KGAL (1580 AM, "NewsTalk 1580") is a U.S. radio station licensed to serve Lebanon, Oregon. The station, which began broadcasting in 1995, is owned by the Eads Broadcasting Corporation.

Programming
KGAL broadcasts a news/talk/sports radio format featuring a mix of local and syndicated programs including sports talk, conservative talk, local news, and live sporting events.

Talk shows
Local weekday programs include Morning Update with Weldon Greig and Jeff McMahon, Valley Talk hosted by Jeff McMahon and Hasso Hering.  Weekday syndicated programming includes Midnight Trucking Radio Network, Bill Bennett in the Morning with William Bennett, America in the Morning with Jim Bohannon, plus talk shows hosted by Dennis Prager, commentator and film critic Michael Medved, conservative author Hugh Hewitt, Radio Hall of Fame member Jim Bohannon, plus the Midnight Radio Network.

Sports
In addition to its regularly scheduled talk programming, KGAL airs Seattle Seahawks NFL Football, Lebanon High School varsity sporting events and University of Oregon Ducks football games.

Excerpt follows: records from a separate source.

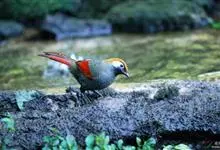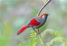 赤尾噪鹛中型鸟类,体长24~28厘米。头顶至后颈红棕色,两翅和尾鲜红色,眼先、眉纹、颊、颏和喉黑色,眼后有一灰色块斑。其余上下体羽大都暗灰或橄榄灰色。特征极明显,特别是通过鲜红色的头顶、翅和尾。…全部>>
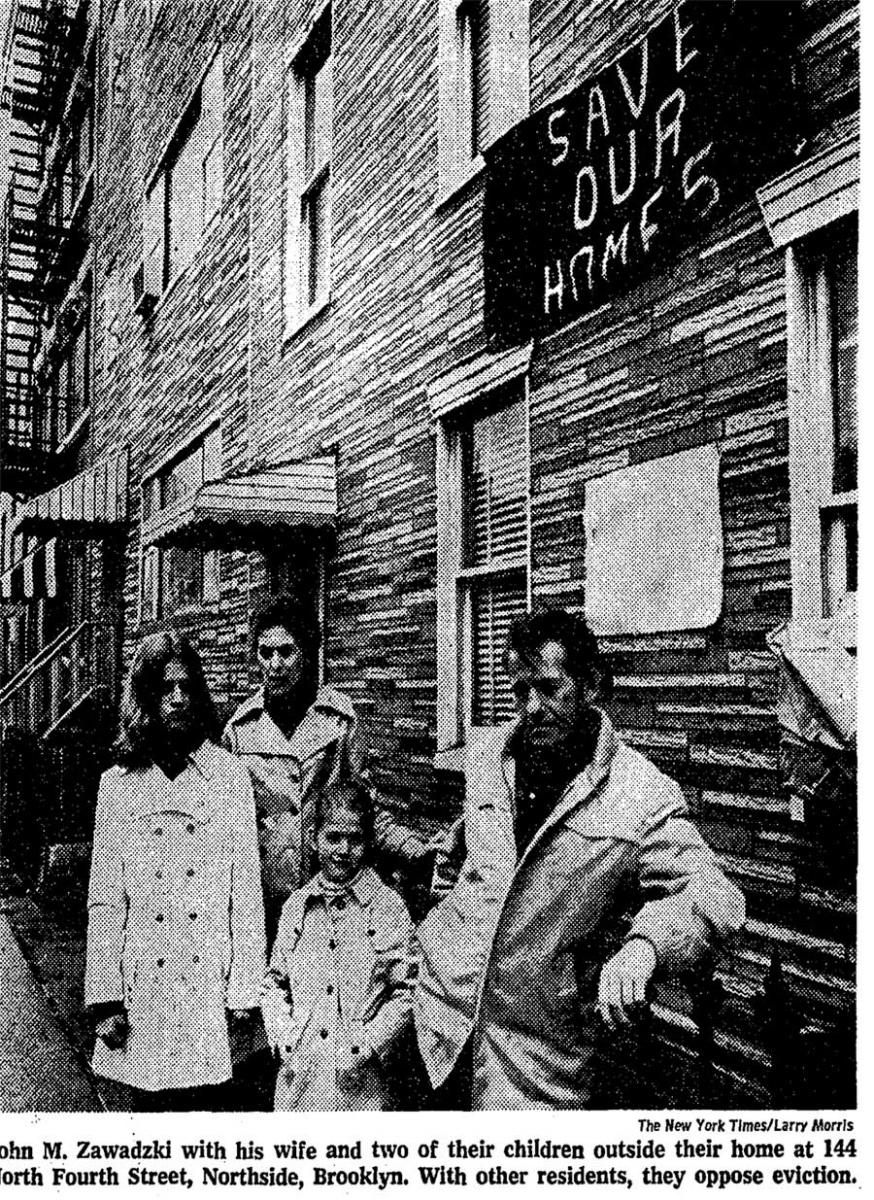 In 1973, the entire block of North 4th street between Bedford and Berry was the scene of protests and destruction dealt by the scandalous hands of then NYC Mayor Lindsay. Lindsay forcefully evicted families from their homes to make way for a huge expansion of the S & S corrugated box company factory.NYC was once a very middle class manufacturing city. Over 1 million people worked here in jobs building everything from staples to light switches. S & S corrugated made machines for constructing corrugated boxes. They employed 600 people in a factory just across the street (on 4th btw Berry & Wythe) – and in 1973, NYC was losing thousands of such jobs per year. When S & S went to City Hall and told the mayor they needed to expand their factory in order to stay in Brooklyn, they devised a plot to simply kick out everyone living on the block just east of their present factory in order to build a huge new wing. The mayor, likely paid off to do so, went right along with this plan.
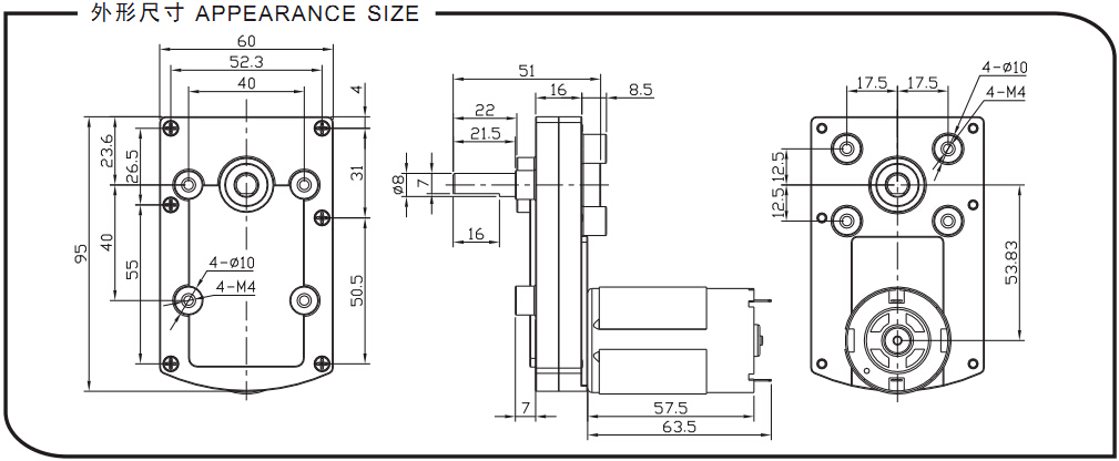 齒輪箱尺寸: 60mmx95mmxH23mm
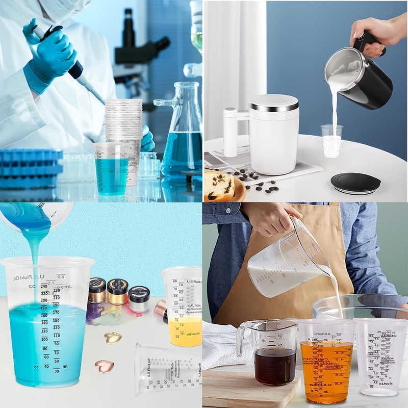 Messbecher Epoxidharz,Lackmischbecher, Rührbecher,Wiederverwendbar,Messbecher zum Mischen von Flüssigkeiten, Harzen, Pigmenten,mit Skala,240ML, 50 Stück

A Moment in Oregon History
Throughout 2009, KGAL and sister station KSHO aired a series of one-minute historical vignettes as part of Oregon's sesquicentennial celebration. The program, titled A Moment in Oregon History, highlights notable Oregon residents and key historical events.  Each of the 240 vignettes was written by author Rick Steber.

History
The Eads Broadcasting Corporation received the original construction permit for this station from the U.S. Federal Communications Commission (FCC) on December 27, 1994.  The new station was assigned the call letters KGAL by the FCC on January 23, 1995.  KGAL received its license to cover from the FCC on November 20, 1995.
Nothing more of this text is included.